US State leadership is keeping the HFC transition on track, and keeping the U.S. in sync with the global phase-down now underway under the Kigali Amendment. This past month, Washington State’s HFC phase down passed the legislature and Governor Jay Inslee signed bill HB 1112. Meanwhile, Vermont has announced that they are intending to phase down HFC refrigerants as well through their new bill ‘S. 30.’ The bill passed the legislature and is expected to have a signature from the governor soon. This adds to the ever growing list of states that have chosen to regulate HFCs.

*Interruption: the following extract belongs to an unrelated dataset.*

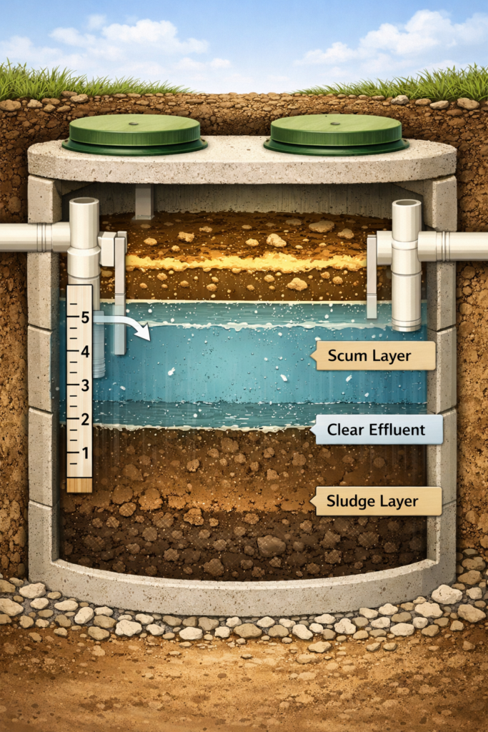 Your septic tank works by separating waste into three layers: scum floats on top, liquid effluent sits in the middle, and sludge settles at the bottom. Over time, sludge and scum accumulate faster than they break down. When these layers get too thick, they push into the effluent zone and can flow into your drain field, causing system failure.

So far all of these state planned phase downs have been modeled after the original Environmental Protection Agency’s SNAP Rule 20 and 21 from 2015. Vermont and Washington, along with twenty-three other states, are part of what’s known as the United States Climate Alliance. This alliance was formed when the Trump Administration pulled the United States out of the Paris Climate Accord. The goal of the alliance is to create a coalition of states that work together to fight Climate Change and Global Warming. If the Federal Government isn’t going to do anything then the states will get it done and regulate HFCs themselves. The other states in the Climate Alliance are all expected to follow suit in the coming years.
The Federal Government’s positions on regulating HFCs has been confusing for the industry. The EPA’s SNAP Rule was thrown out by the courts. The Kigali Amendment went into effect at the beginning of this year but the United States never ratified the treaty. As more states join the phase down, manufacturing companies are going to be forced to move away from HFCs even without a Federal mandate. If enough states choose to regulate HFCs then manufacturers will either have to produce two different models,one for HFC states and one for non-HFC states, or the they will have to do a complete transition to lower GWP refrigerants.
The bottom line is that HFCs are going to be replaced by either natural refrigerants, hydrocarbons, or HFOs. If the U.S. government doesn’t ratify the Kigali amendment and/or the EPA doesn’t take charge of HFC’s, the U.S. may end up with a haphazard set of rules varying from state to state leading to even more refrigerant confusion.